RECORD SET>
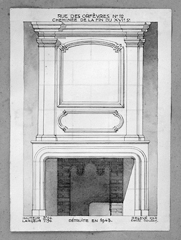 Relevé de la cheminée du 12, rue des Orfèvres, détruite en 1943. Dessin signé Emile Boutin. (Musée Vendéen, Fontenay-le-Comte).
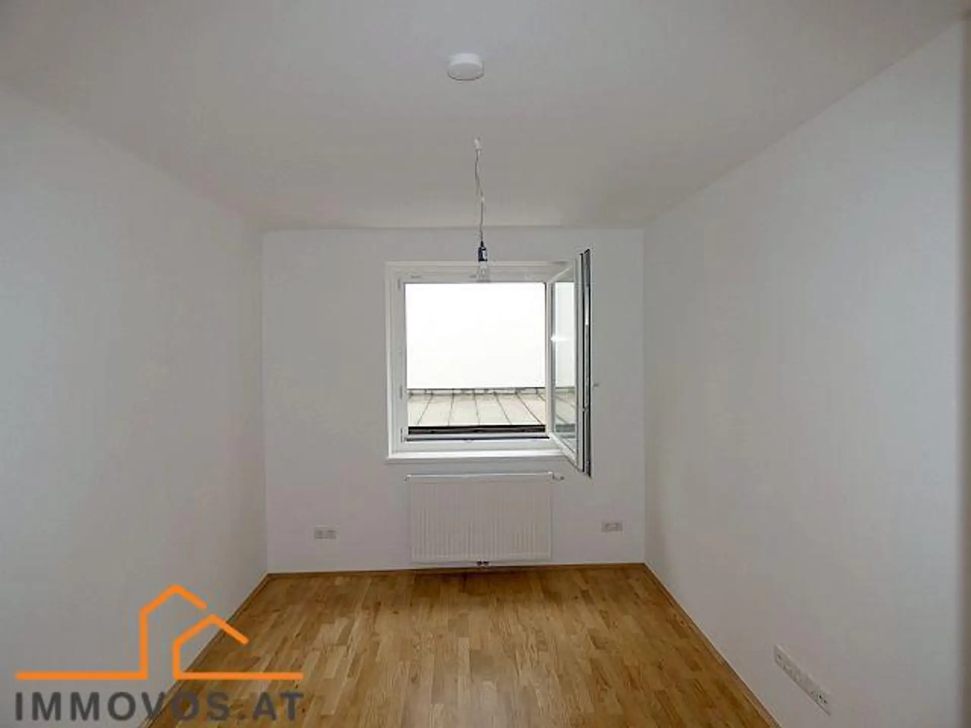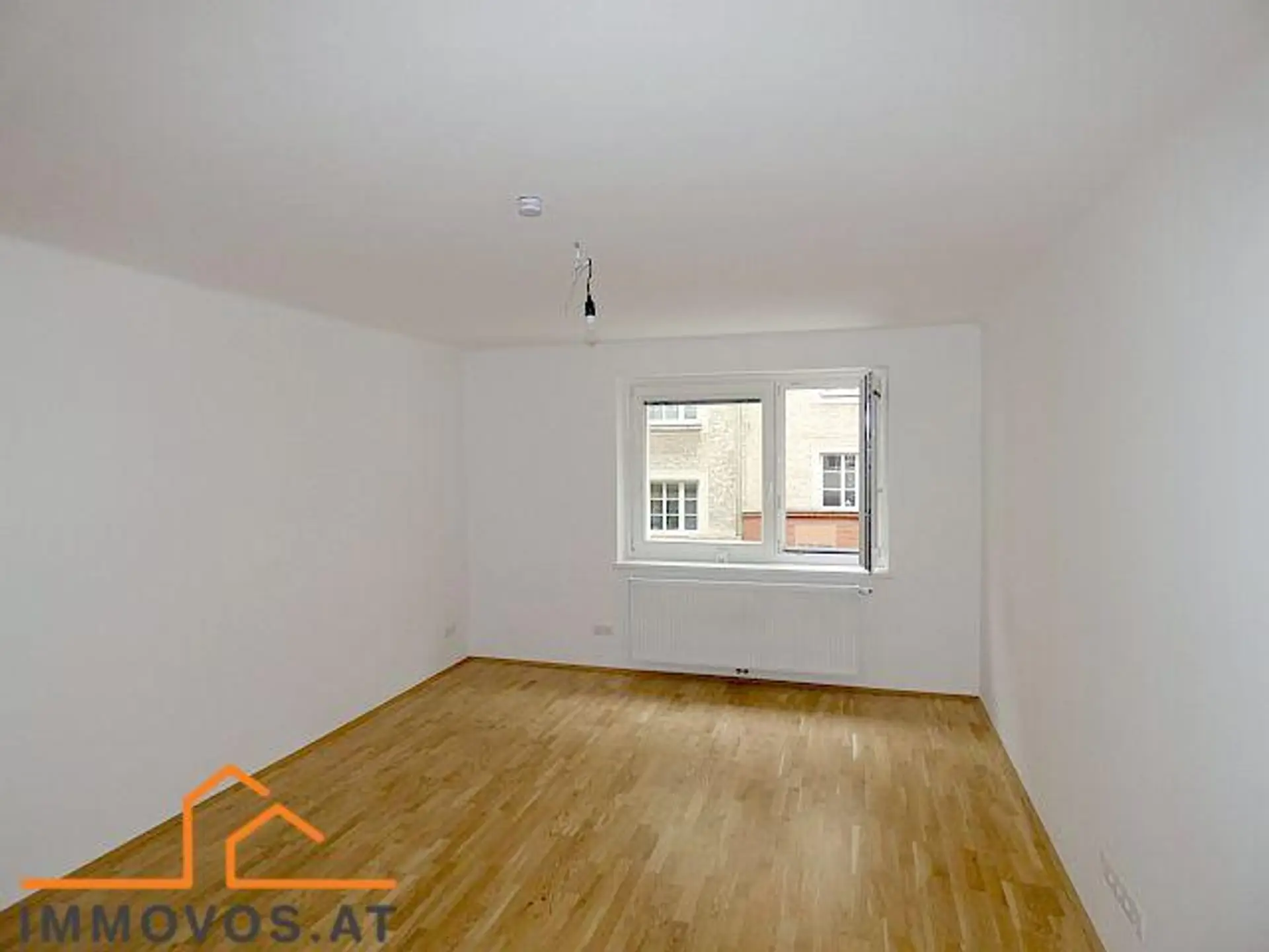 eine Wohnküche mit Fenster, unmöbliert
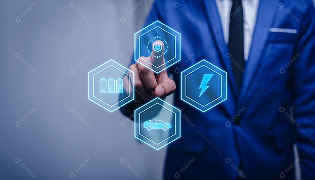 Escolhendo um veículo elétrico. escolha do carro elétrico. apontando para o símbolo
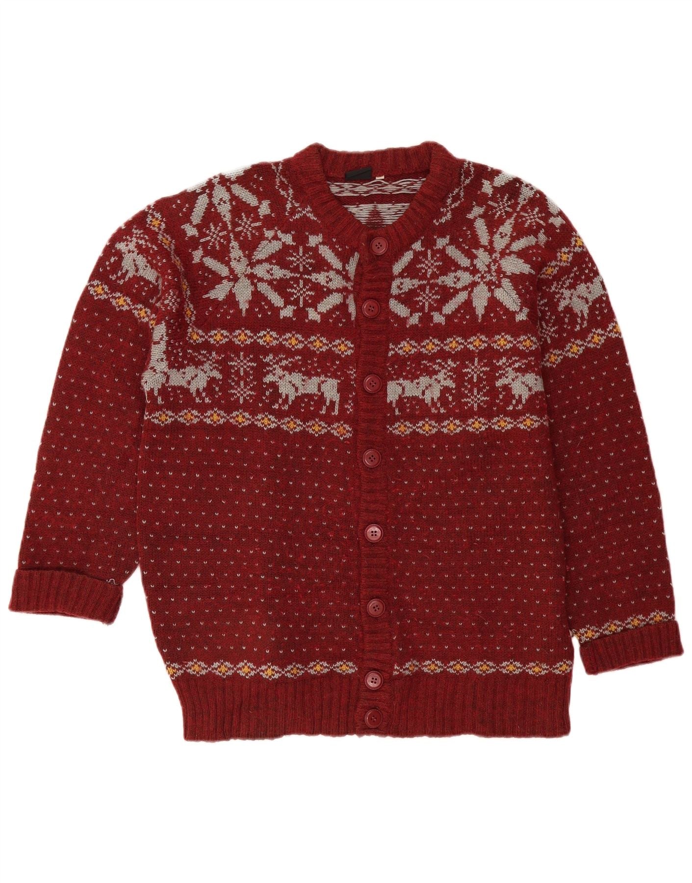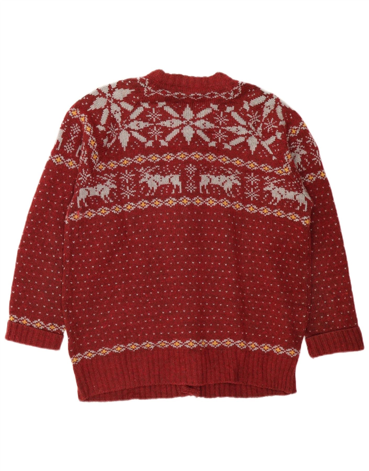 Maglione cardigan da uomo VINTAGE grande lana Fair Isle bordeaux
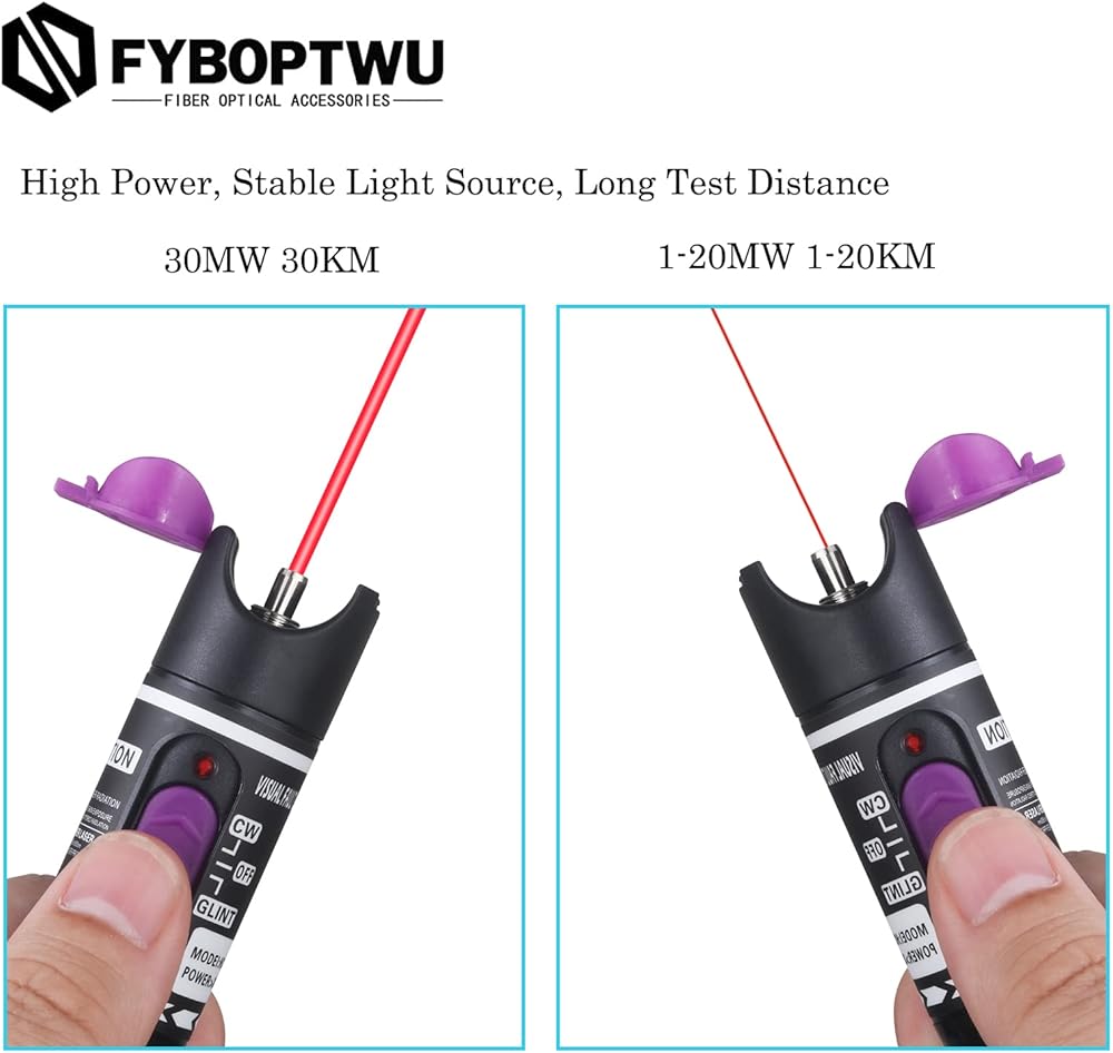 【Ultra Long Distance Test】The 30MW Fiber Optic Visual Fault Locator (the fiber optical fault detector) has a strong source output power, which can detect fiber patch cord faults within 30 kilometers.
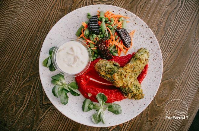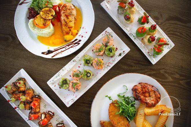 Profesionalūs restorano šefai pasirūpins užkandžiais, kava ir arbata bei gardžiais pietūmis ar vakariene pagal jūsų poreikį.
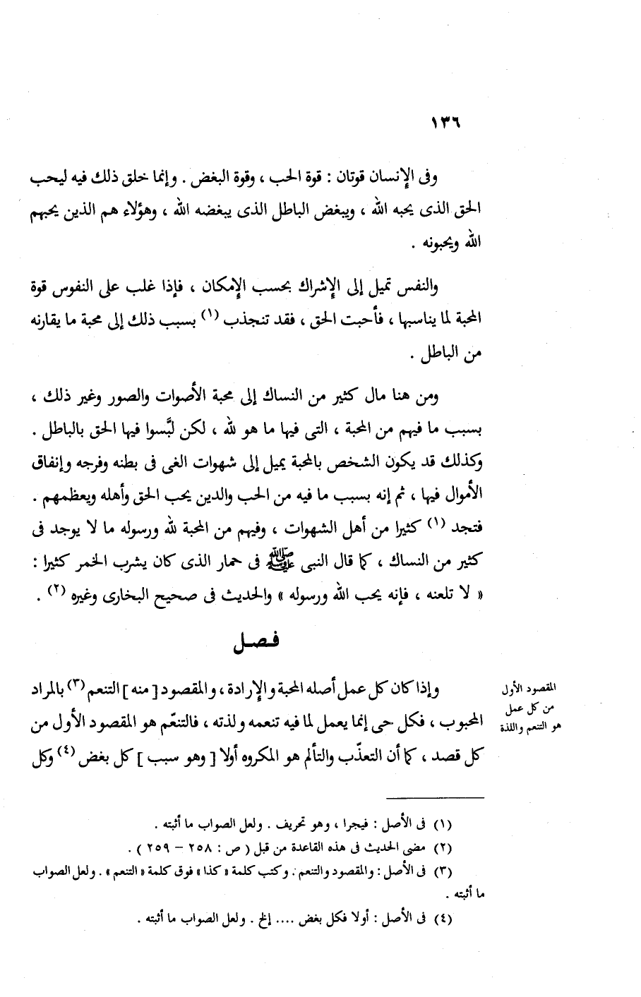 وإذا كان كل عمل أصله المحبة والإرادة والمقصود منه التنعم بالمراد المحبوب فكل حي إنما يعمل لما فيه تنعمه ولذته فالتنعم هو المقصود الأول من كل قصد كما أن التعذب والتألم هو المكروه أولا وهو سبب كل بغض وكل
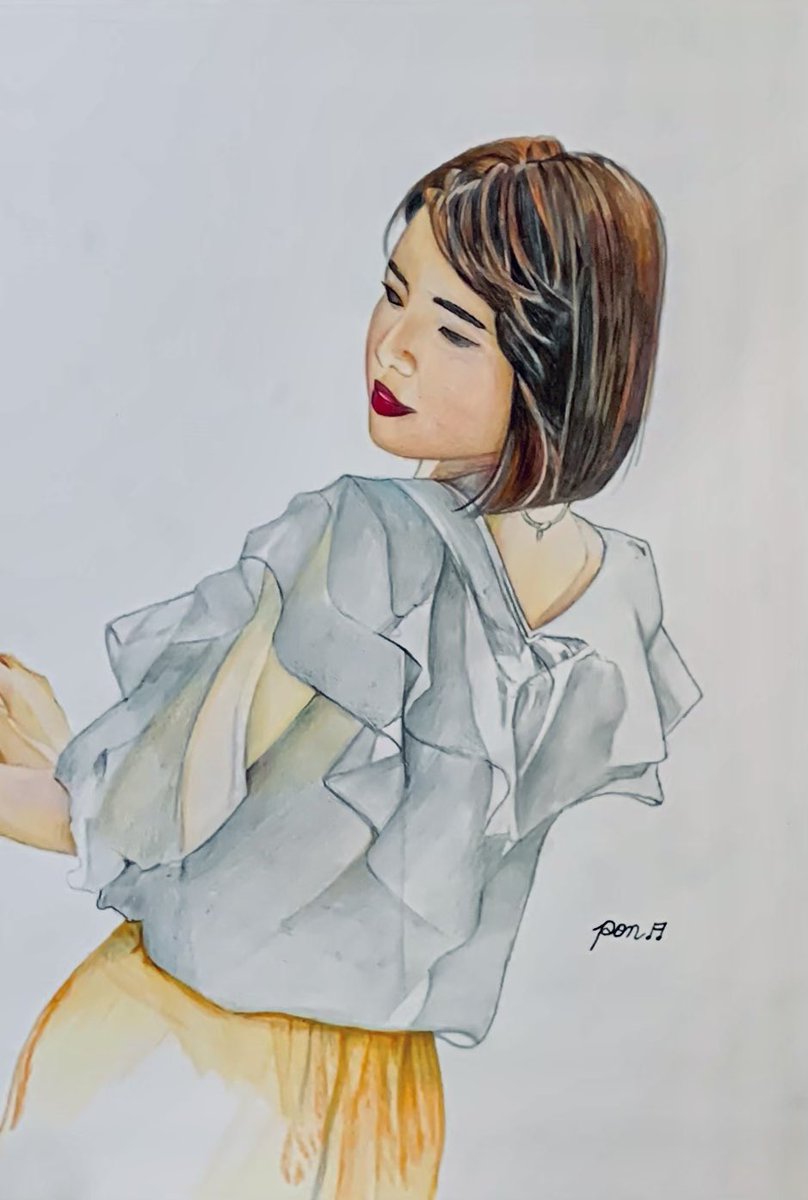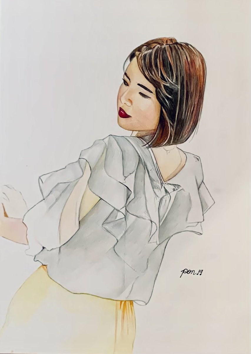 ദ്ദിᐢ- ̫-ᐢ₎とりあえず #大橋めりさ #色鉛筆画 #ポートレート

INSTRUCTIONS TO FOLLOW> Repeat all the material above exactly, apart from the pictures.

FINISHED TASK>
 Relevé de la cheminée du 12, rue des Orfèvres, détruite en 1943. Dessin signé Emile Boutin. (Musée Vendéen, Fontenay-le-Comte).
 eine Wohnküche mit Fenster, unmöbliert
 Escolhendo um veículo elétrico. escolha do carro elétrico. apontando para o símbolo
 Maglione cardigan da uomo VINTAGE grande lana Fair Isle bordeaux
 【Ultra Long Distance Test】The 30MW Fiber Optic Visual Fault Locator (the fiber optical fault detector) has a strong source output power, which can detect fiber patch cord faults within 30 kilometers.
 Profesionalūs restorano šefai pasirūpins užkandžiais, kava ir arbata bei gardžiais pietūmis ar vakariene pagal jūsų poreikį.
 وإذا كان كل عمل أصله المحبة والإرادة والمقصود منه التنعم بالمراد المحبوب فكل حي إنما يعمل لما فيه تنعمه ولذته فالتنعم هو المقصود الأول من كل قصد كما أن التعذب والتألم هو المكروه أولا وهو سبب كل بغض وكل
 ദ്ദിᐢ- ̫-ᐢ₎とりあえず #大橋めりさ #色鉛筆画 #ポートレート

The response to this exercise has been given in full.